EXERCISE REQUIREMENTS
Could every line below be transcribed exactly, with the pictures dropped?

Collected data entries
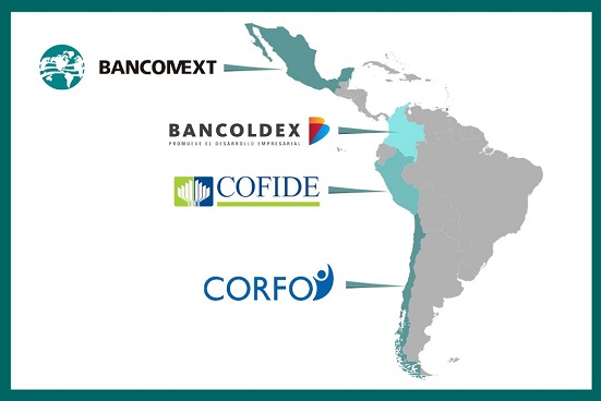 El Banco Nacional de Comercio Exterior de México (Bancomext), la Corporación de Fomento de la Producción de Chile (Corfo), el Banco de Comercio Exterior de Colombia (Bancoldex) y la Corporación Financiera de Desarrollo del Perú (Cofide), suscribieron una carta de intención para potenciar el comercio y la inversión entre los países que conforman la Alianza del Pacífico.
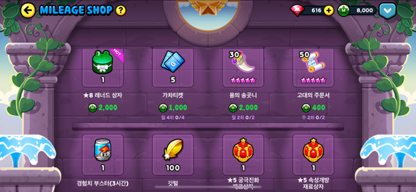 `마일리지 포인트`는 레인저/장비 가챠를 돌리면 획득할 수 있습니다. 마일리지 상점에서 다양한 아이템과 교환할 수 있습니다.
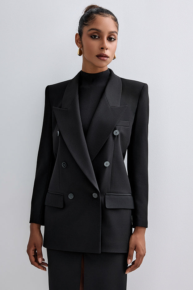 This elegant, straight-cut, double-breasted jacket is the perfect choice for modern business and evening looks. Crafted from a sturdy suiting fabric, it maintains its shape and ensures a perfect fit. Wide lapels and gold-tone buttons accentuate the look, adding sophistication and expressiveness. Ideal for the office, formal events or stylish outings on the town.
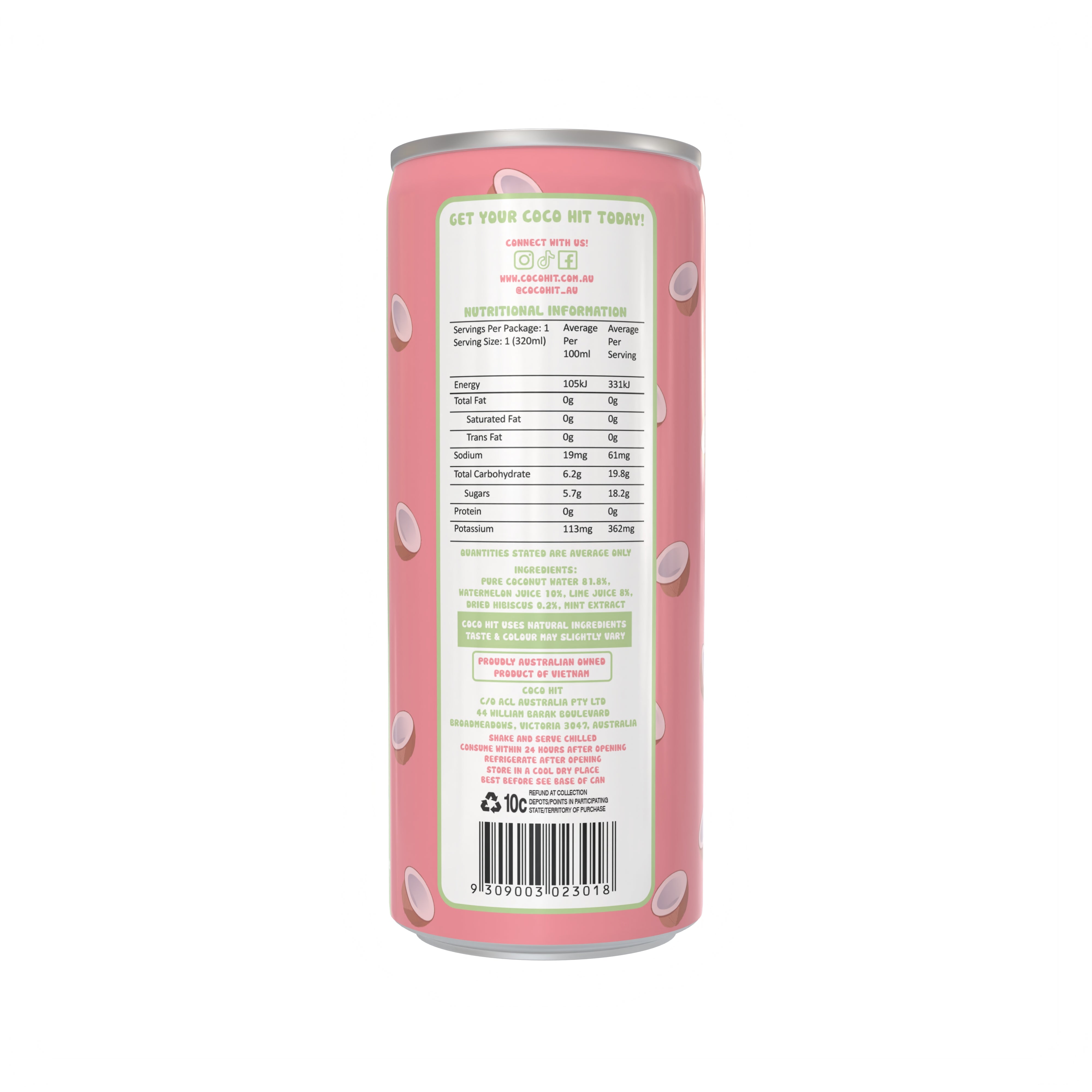 Ingredients: Pure Coconut Water 81.8%, Watermelon Juice 10%, Lime Juice 8%, Dried Hibiscus 0.2%, Mint Extract
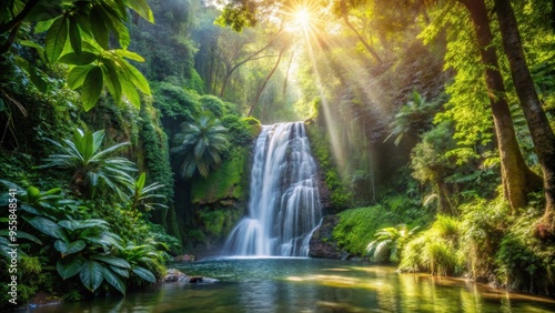 Tropical waterfall surrounded by lush greenery, with a stream and sunlight shining through, waterfall, lush greenery, stream
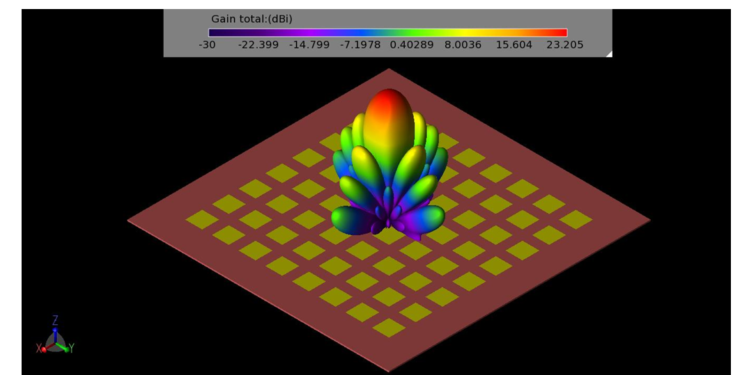 2. Planar (2D) Phased Array Örneği 8×8 patch anten dizisi (28 GHz 5G radar
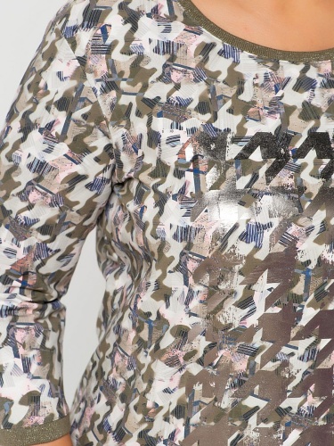 Эта футболка обращает на себя внимание благодаря необычному абстрактному принту. Слегка приталенный силуэт, круглый вырез горловины, втачные рукава 3/4. Отделка с нитью люрекса придает легкий блеск. Приятный к телу материал из хлопковой смеси обеспечивает комфорт.

EXERCISE RESPONSE
 El Banco Nacional de Comercio Exterior de México (Bancomext), la Corporación de Fomento de la Producción de Chile (Corfo), el Banco de Comercio Exterior de Colombia (Bancoldex) y la Corporación Financiera de Desarrollo del Perú (Cofide), suscribieron una carta de intención para potenciar el comercio y la inversión entre los países que conforman la Alianza del Pacífico.
 `마일리지 포인트`는 레인저/장비 가챠를 돌리면 획득할 수 있습니다. 마일리지 상점에서 다양한 아이템과 교환할 수 있습니다.
 This elegant, straight-cut, double-breasted jacket is the perfect choice for modern business and evening looks. Crafted from a sturdy suiting fabric, it maintains its shape and ensures a perfect fit. Wide lapels and gold-tone buttons accentuate the look, adding sophistication and expressiveness. Ideal for the office, formal events or stylish outings on the town.
 Ingredients: Pure Coconut Water 81.8%, Watermelon Juice 10%, Lime Juice 8%, Dried Hibiscus 0.2%, Mint Extract
 Tropical waterfall surrounded by lush greenery, with a stream and sunlight shining through, waterfall, lush greenery, stream
 2. Planar (2D) Phased Array Örneği 8×8 patch anten dizisi (28 GHz 5G radar
 Эта футболка обращает на себя внимание благодаря необычному абстрактному принту. Слегка приталенный силуэт, круглый вырез горловины, втачные рукава 3/4. Отделка с нитью люрекса придает легкий блеск. Приятный к телу материал из хлопковой смеси обеспечивает комфорт.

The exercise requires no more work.